The regulatory landscape for In Vitro Diagnostics (IVDs) in Europe is expected to go through some significant changes in the coming months, with the replacement of the IVD Directive by the IVD Regulation. When for some, those changes constitute a significant evolution, for other, it is a revolution. In all cases, IVD manufacturers should be prepared to understand, undertake and comply with the future requirements of the IVD regulation and familiarize themselves with the requirements on Clinical Evaluation.
While entering the critical phase of the trilogue, critical changes have emerged from the requirements and will strongly impact the IVD industry.

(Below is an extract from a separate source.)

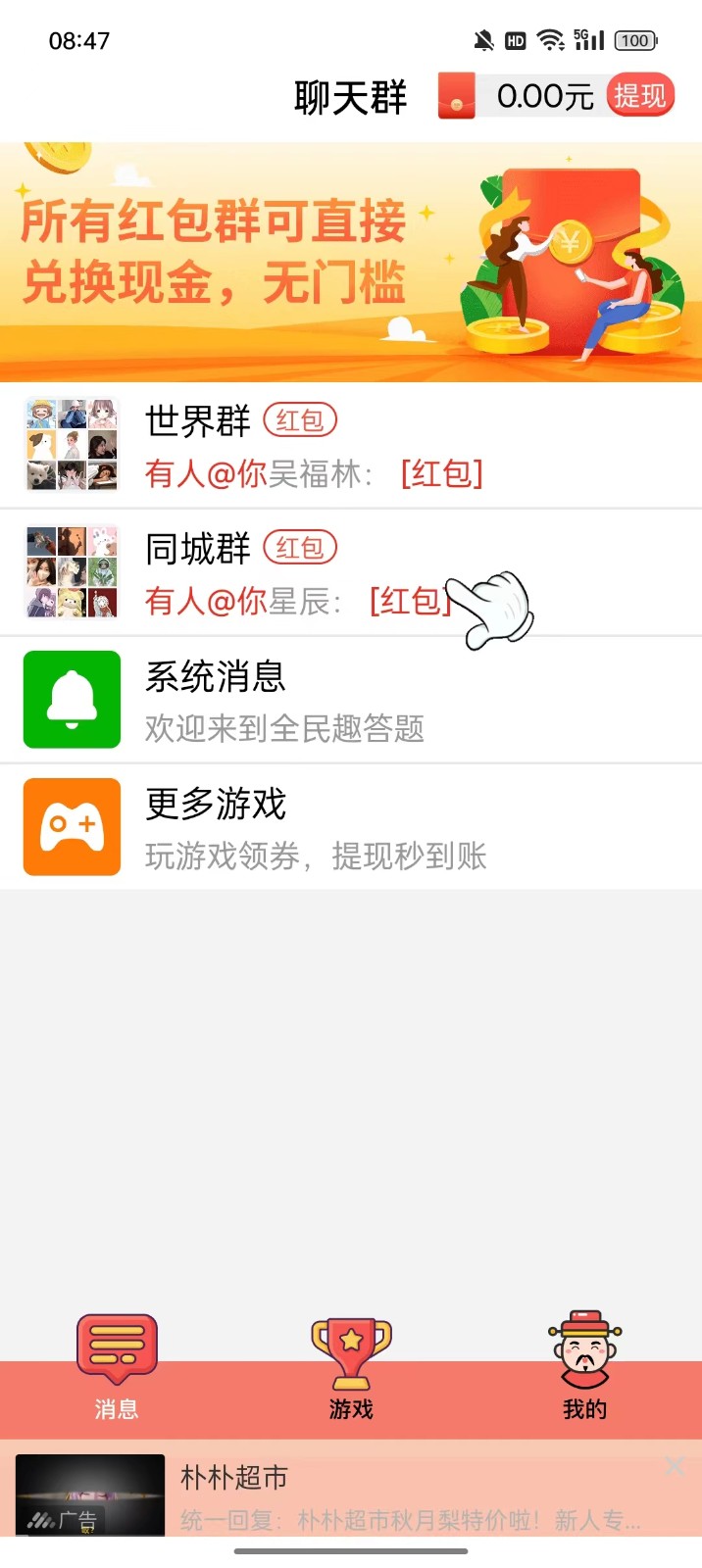 1.有多种可以领取红包的方式,通过答题、红包群、小游戏、广告等都可以领取奖励

Among those, we note new requirements for Clinical Evidence / Performance Evaluation and Studies. IVD Manufacturers need to determine the proper studies for existing and future IVD devices to ensure for a smooth transition.
Join LNE/G-MED and Dr. Julien Sénac for an introduction to the Clinical Evaluation Requirements for IVDs. Julien will discuss some of the more important changes expected to be introduced with the IVD regulation, and their future impact for IVD manufactures and their products.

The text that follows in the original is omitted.